For ETU the lowest recorded NOAEL for thyroid histological endpoints is 0.2 mg/kg bw/d based on a 1-year dog study (thyroid histopathology). This is supported in rat by an extended one-generation study (thyroid histopathology and hormones) and a two-generation study with a parental NOAEL of 0.2 mg/kg bw day 0.27 mg/kg bw day, respectively. However, another study reported thyroid hyperplasia in rat at 0.25 mg/kg bw day after 24 months, indicating some remaining uncertainties for the use of 0.2 mg/kg bw day as a NOAEL (EFSA 2023b).

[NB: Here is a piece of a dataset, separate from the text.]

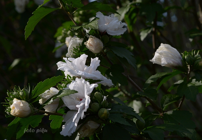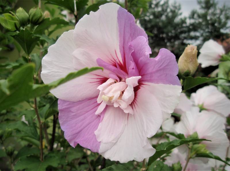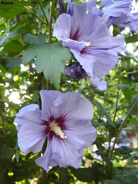 Kwiat: pojedynczy, półpełny, pełny, duży, podobny do kwiatów Malwy, na pędach tegorocznych
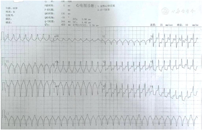 患者,女性,48岁,9个月余前情绪激动后出现心悸胸闷,无明显胸痛,无头晕头痛,无黑朦晕厥,无呼吸困难,持续约1 h未见好转,遂于当地医院就诊,查心电图提示:室性心动过速,随后自行转为窦性心律,未用药。3个月前再次发生心悸不适,当地医院心电图提示室性心动过速,持续约1 h,休息后自行恢复为窦律,无伴黑朦、晕厥。本次入院前1 d,患者无明显诱因下再次出现心悸胸闷,无伴胸痛,无黑朦晕厥,持续约2 h未见好转,再次于当地医院就诊,查心电图示:室性心动过速、ST-T改变,予可达龙150 mg静脉推注后转为窦性心律,推药期间患者出现短暂意识丧失,持续约2 min后恢复意识,无伴大小便失禁,恢复意识后自觉心悸好转。否认家族遗传性及聚集性疾病史;否认家族成员早发猝死病史。

Contrastingly the lowest recorded NOAEL for metiram is 2.6 mg/kg bw. Again, this is based on the observed thyroid effects (thyroid hormones, thyroid weight and histopathological changes) from the 1-year dog study (EFSA 2023b). In this study, the substance-induced decrease of T4 in males was dose-dependent (13, 26 and 52 weeks). In females the respective measurements for T4 were not always statistically significant at the high dose of 84.8 mg/kg bw for all different time point but were nevertheless clearly reduced at the LOAEL (29.9 mg/kg bw). In rat the lowest LOAEL where thyroid histopathology (thyroid follicular cell hypertrophy and hyperplasia in parental animals, i.e., F0 males and F1 adult males and females) was observed is 9 mg/kg bw day in adult animals, based on a two-generation study. Considering hypothyroidism as the adverse outcome (AO) for metiram, a threshold for each individual Key Event (KE) in vivo can be derived from the 1-year dog metiram study (T4 changes, relative thyroid weight changes and increase severity of thyroid follicular cell hyperplasia) at male and female animals. As for ETU, it causes similar effects on the thyroid hormonal system in rats, mice and dogs, although quantitative differences are seen in dose–response. However, ETU T4 effects in rats are in the same range as for the lowest NOAEL for metiram in dogs. Overall, therefore there is strong evidence that metiram thyroid toxicity (hypothyroidism) follows a dose-dependent threshold behavior.